That was a cross that the Palestinians refused to carry.
By the time the League of Nations endorsed the Zionist objective of establishing a Jewish state in Palestine in 1922, the ratio of Jews had remained relatively constant. Other than diplomacy, no significant support on the ground came from Britain in support of Jewish resettlement up until that time. Ye throughout the twenties, Palestinian Arabs, as I quoted above, “focused on independence for Arab Palestine, rejection of the Balfour Declaration, support for majority rule, and ending unlimited Jewish immigration and land purchases.” Khalidi declared that, “The Palestinian leadership pursued this fruitless legalistic approach for over a decade and a half.” The people, as distinct from the elites, wanted Palestinian independence in the competition among Arab nationalism, Palestinian nationalism and local loyalties.
As for the Jews, during the twenties they continued buying up large swaths of land, much of it from absentee landlords, but many smaller parcels from Arabs eager to cash in on the inflated prices. The Zionist settlement enterprise was also supported by foreign Jewish capital. Perhaps its greatest success was the purchase of the swamps in the Jezreel Valley so that by 1925 there were 20 highly productive collective and cooperative farms in the Emek Valley.
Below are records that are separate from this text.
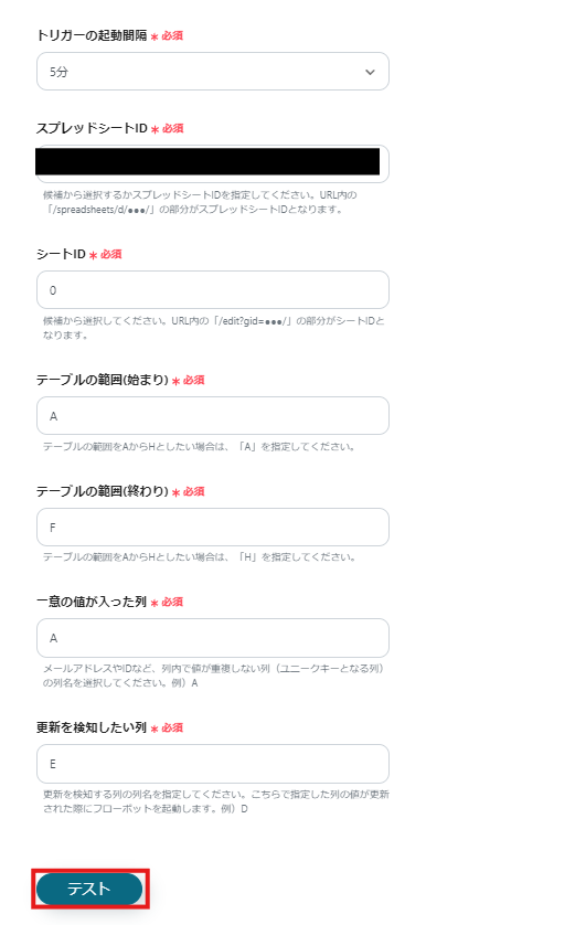 すべての項目を入力したら「テスト」をクリックして、エラーの有無を確認しましょう。
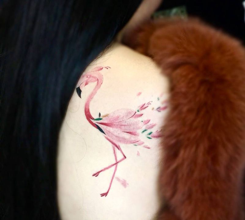 当前位置: 首页 >江西省上饶市纹身店-呀呀刺青纹身图案>火烈鸟纹身图片_成品手部手臂清新动物纹身图案
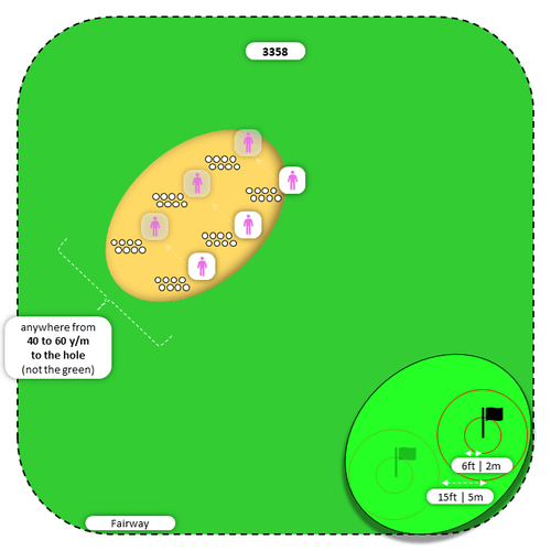 How to practice? Make 2 piles of 20 golf balls per player, up to 5 players. Two piles must be 5 y/m apart and distanced at 40 – 60 y/m from the hole (not the green). Each player occupies one pile of balls, all players hit from the same distance. After all the balls from one pile are hit, players move together to the second line of piles. Hit two buckets in total.
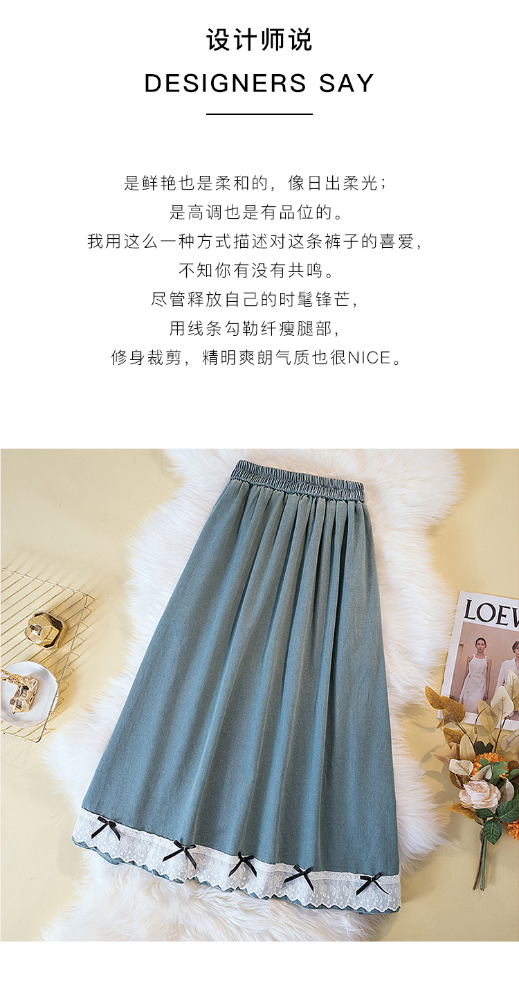 실사 빅 사이즈 여성 의류 2026 봄 한국 스타일 주간 실크 데님 반신 롱 스커트 마이크로 지방 mm 슬림해 보이는 빅 플레어 스커트
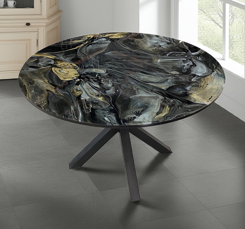Elegante mesa de comedor con cubierta de vidrio pintado a mano a base de una técnica de resinas y patas de metal negro mate.
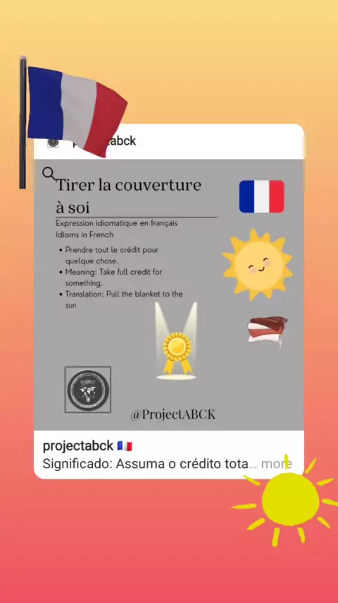 🇫🇷 Significado: Assuma o crédito total por algo. Tradução: Puxe o cobertor para o sol Significado: tomar todo el crédito por algo. Traducción: Tire de la manta al sol المعنى: خذ الائتمان الكامل لشيء ما. ترجمة: اسحب البطانية إلى الشمس Significato: prendi tutto il merito di qualcosa. Traduzione: Tirare la coperta al sole Bedeutung: Nehmen Sie die volle Anerkennung für etwas. Übersetzung: Zieh die Decke der Sonne entgegen #français #french #frances #polyglot #languages
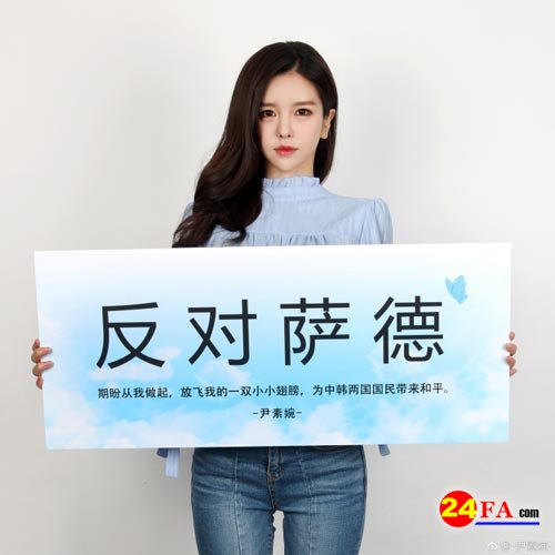 3月13日,韩国女主播尹素婉发微博表立场:“反对萨德”,期盼为中韩两国国民带来和平。尹素婉原是韩国直播平台Afreeca TV的当家主播,以性感的身材与热舞在中韩两国都有不少粉丝。王思聪曾用2000万的薪酬将她挖走。但尹素婉还是结束了她在熊猫TV的最后一场直播在去年12月初,并在微博上向网友们告别,随后重回老东家。
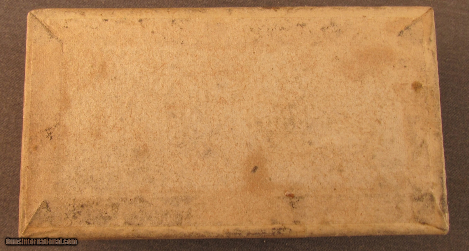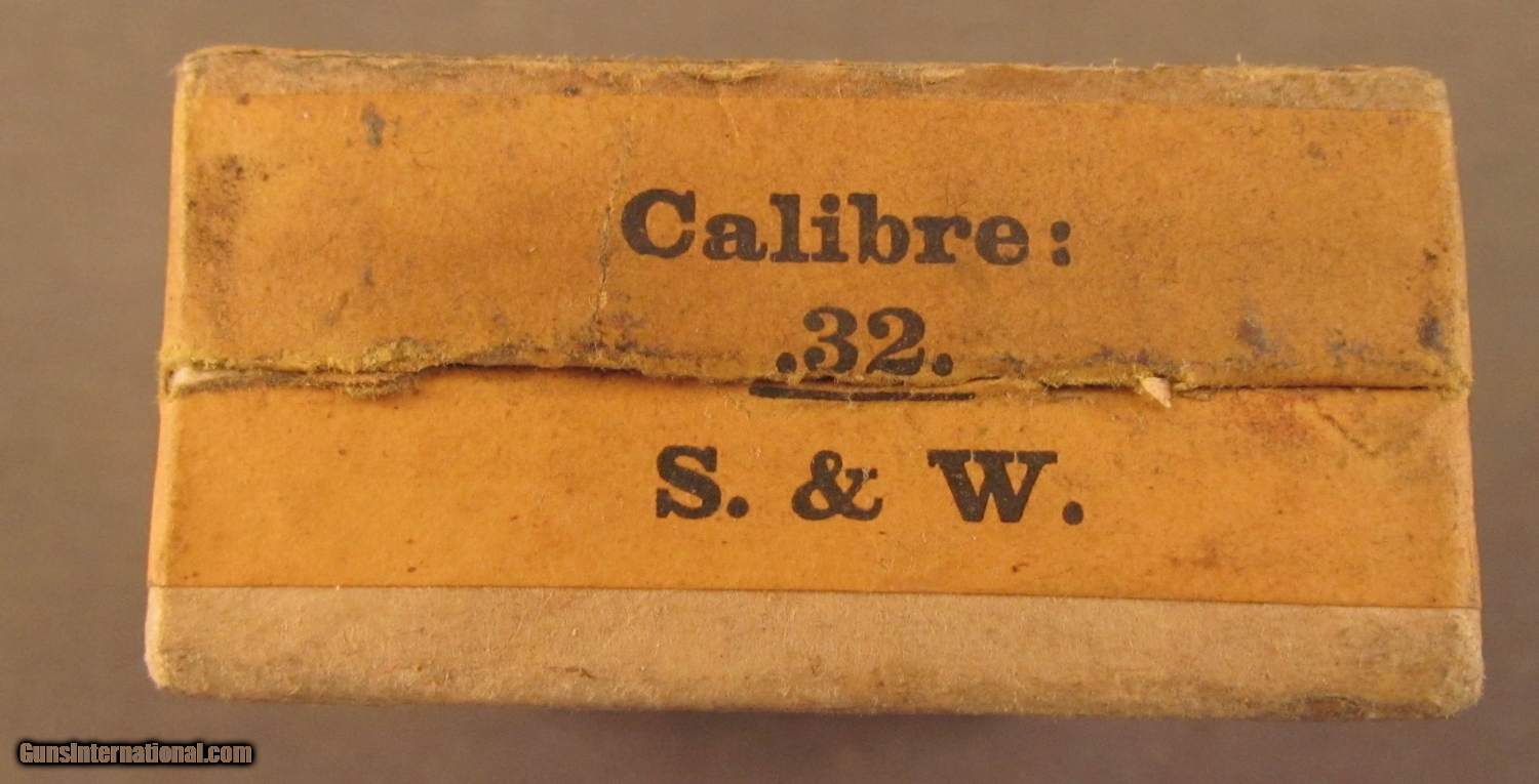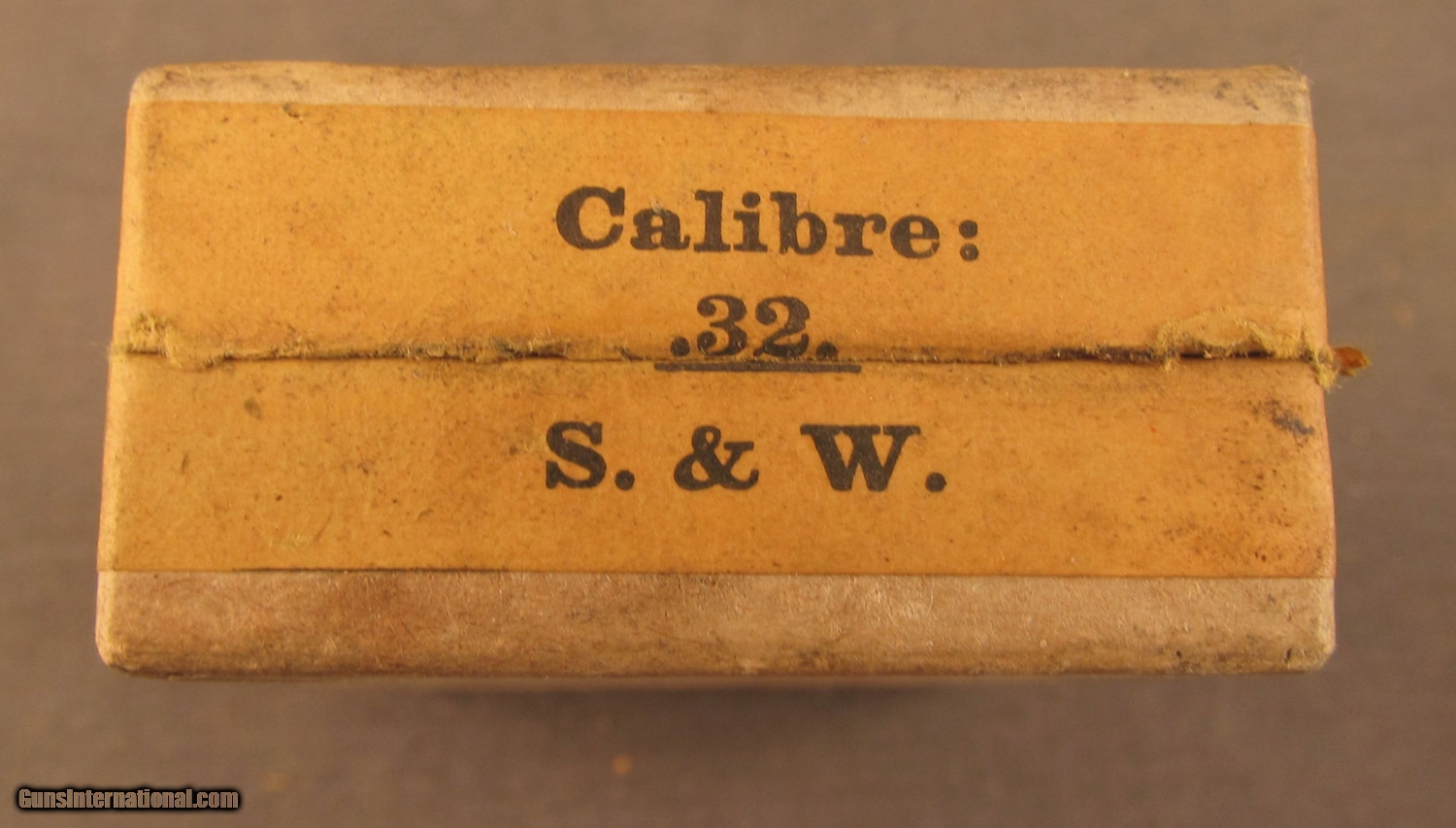 Description: This two piuece half split box has an orange label with "For Smith & Wesson's new 32 automatic ejecting revolver" callout. Box contains six mixed rounds, 3 brass cases, 3 copper cases. labels show light soiling with some areas of loss and repair on side label, top label remains fully legible with a few small stains. This late 1870's box will look great displayed with a nice revolver. SOLD Manufacturer: U.S. Cart. Co. Model: Ammo Caliber Info: .32 S&W Gauge Info: .32 S&W |
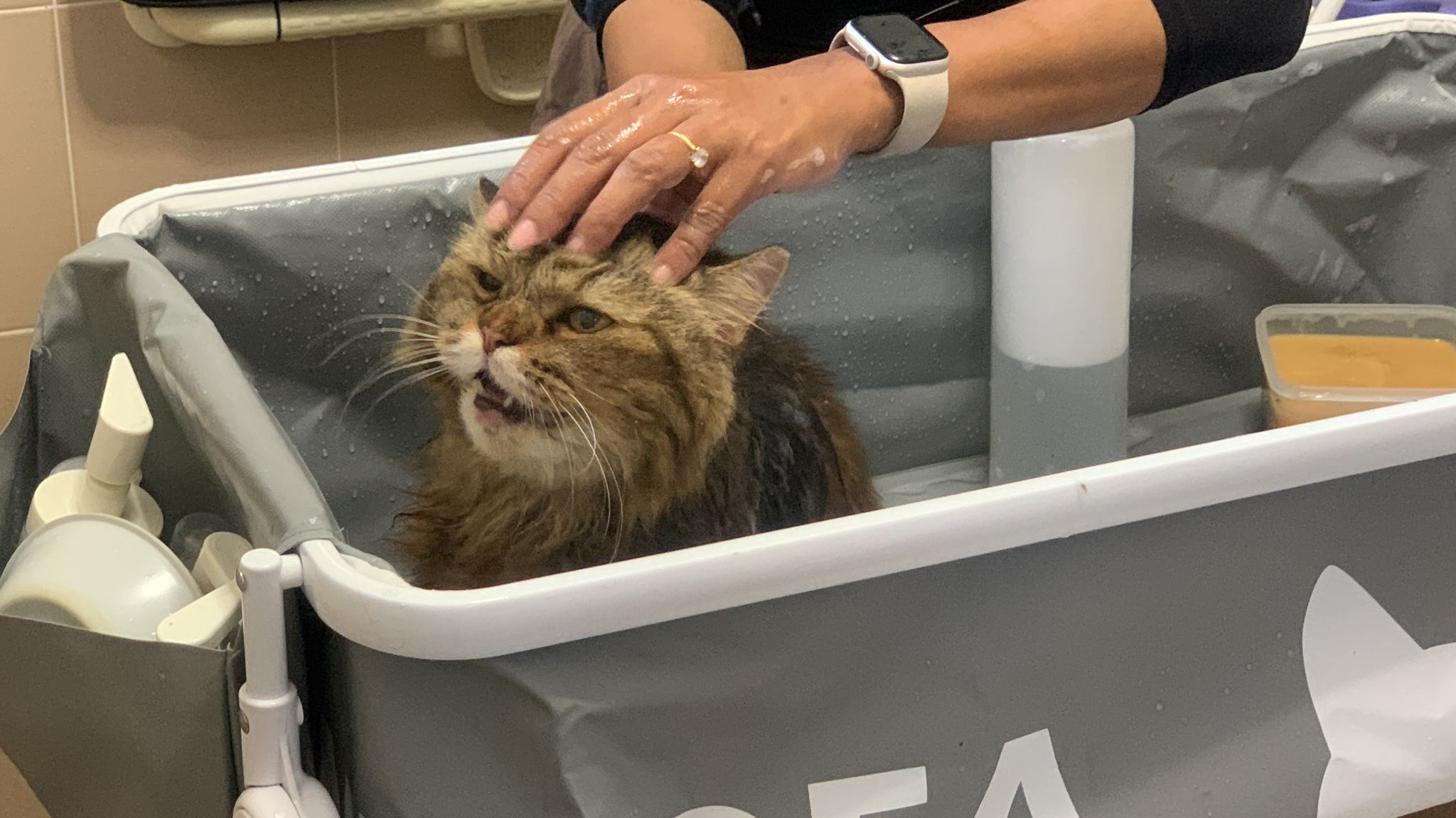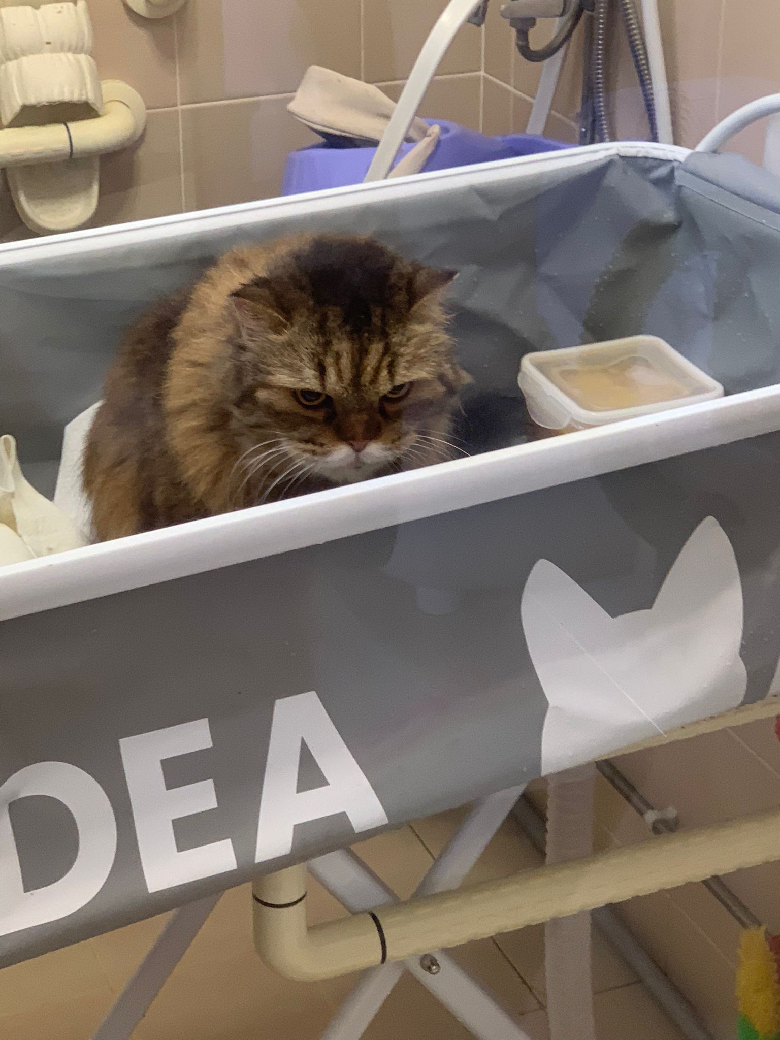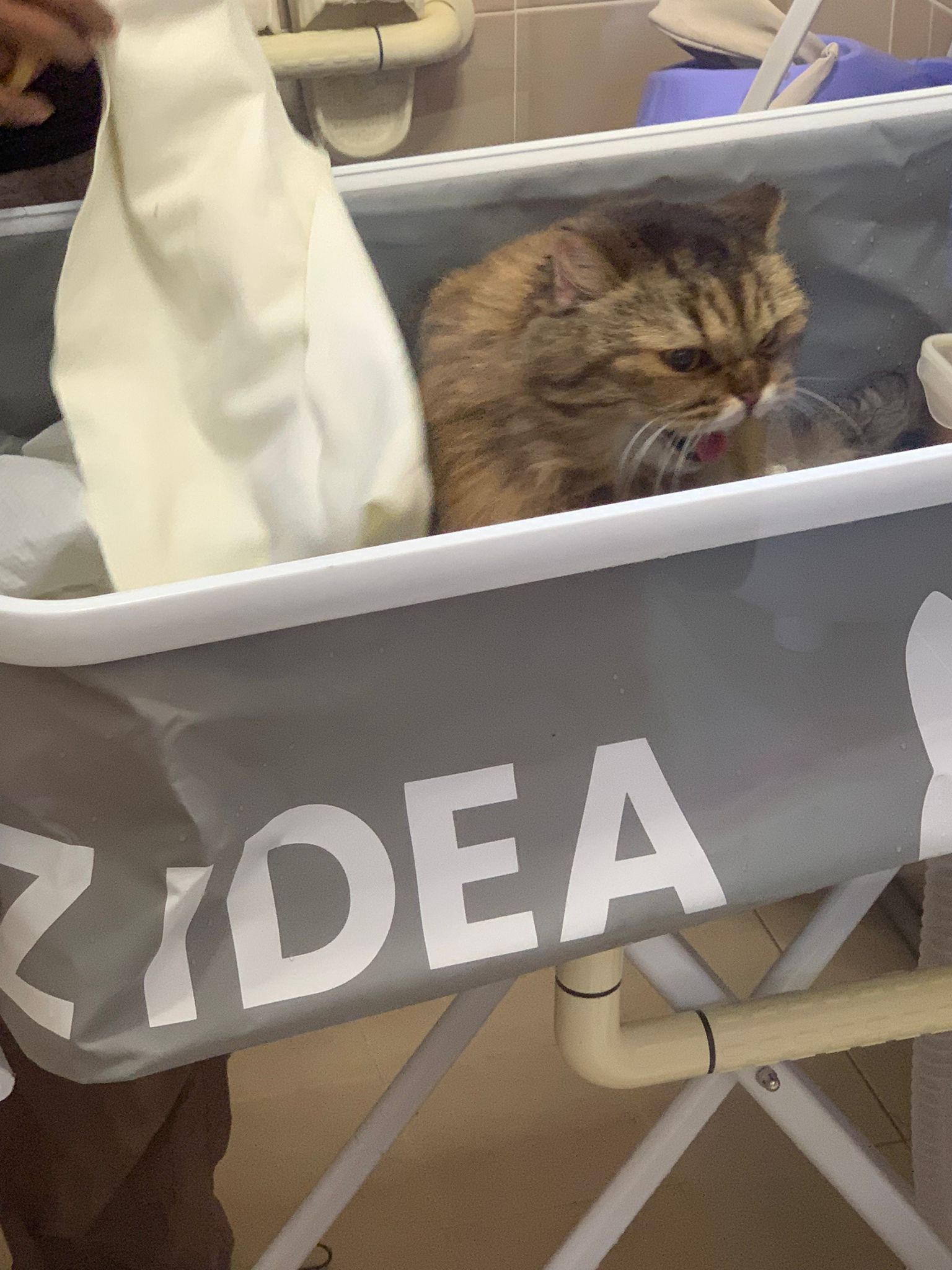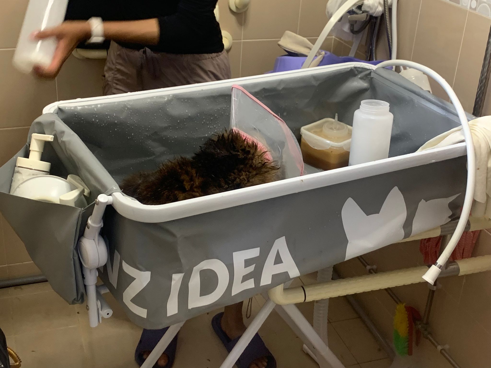 1.40pm+: enter 猫房 wait for her turn to be groom. she walk about and want to pee, think didn’t find any suitable bin.
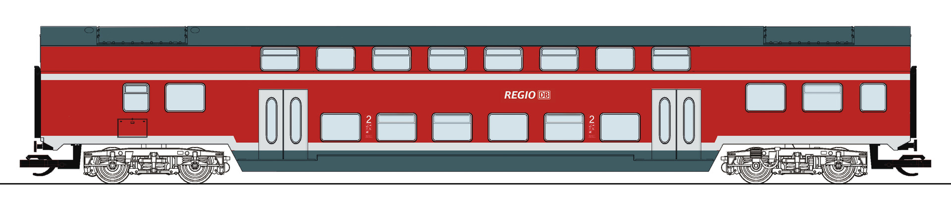 středový patrový vůz v barvách „Regio DB“ 2. tř.
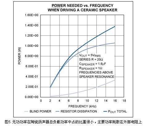 驅(qū)動10Ω串聯(lián)電阻的陶瓷揚(yáng)聲器時,總負(fù)載功率中無功功率占的比重并不大。大部分功率耗散在外部電阻上,圖5為放大器功率與頻率的關(guān)系曲線。
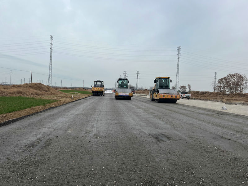(圖說:2024年12月9日安徽固鎮(zhèn)EPC市政項目緯六東路水泥穩(wěn)定碎石右幅下基層攤鋪壓路機碾壓施工,善忠俊攝)
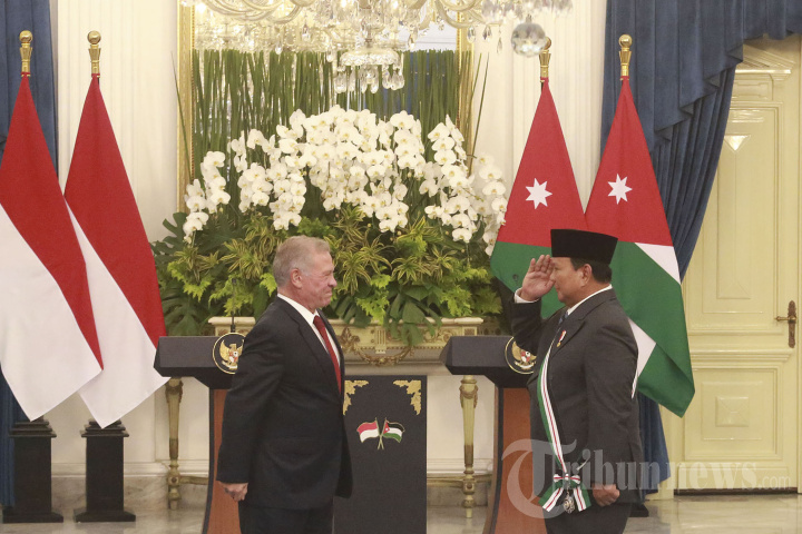 KUNJUNGAN KENEGARAAN - Presiden Prabowo Subianto memberikan salam hormat kepada Raja Kerajaan Yordania Hasyimiah Abdullah II Ibnu Al Hussein saat kunjungan kenegaraan di Istana Merdeka, Jakarta, Jumat (14/11/2025). Kunjungan Raja Yordania tersebut dalam rangka memperkuat hubungan bilateral dan kerja sama strategis antara Indonesia dan Yordania. Tribunnews/Jeprima
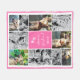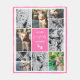 Remember your beloved pet with this photo collage blanket to which you can add ten photos. At the centre, "you left paw prints on our hearts" with two cute paw prints, a heart decorating one, in a simple pink and white design.
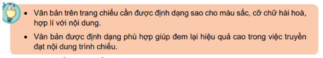 - Khi tạo bài trình chiếu, em hãy nêu một vài điểm chú ý khi lựa chọn màu sắc trên trang chiếu, sự phối hợp về màu nền và màu chữ,

However, the total amount of land accumulated by 1927 only amounted to 865,000 dunams or about 3.3% of the total land area of Palestine. Many of the purchases did harm the Palestinians where fedayeen were forced off the land when the absentee landlords sold out their stakes. Political and economic support from abroad was critical to the Zionist advance; in many cases, local Arabs suffered as a consequence. The Balfour Declaration was crucial to that success because Article 4 gave the Jewish Agency quasi-governmental status with wide-ranging economic and social development powers.
Though maximalist Zionists insisted that their Palestine included the land east of the Jordan to the Iraqi border, the Zionist Organization had submitted a map to the Paris Peace Conference based on King David’s kingdom that included Gaza in the south just past Rafah and went north along the coast to just north of Sidon. The map included the Golan, embraced Quneitra and ran south just west of Amman down to Aqaba. Thus, not only was the whole of the West Bank included in the envisioned national home, so was a good part of Jordan west of the Hejaz Railway that connected Maan in the south to Damascus in the north. There were already a few settlements east of the Jordan River. Further, the mandate granted to Britain in San Remo included Transjordan. Jewish ambitions rather than acquisitions frightened the Arabs.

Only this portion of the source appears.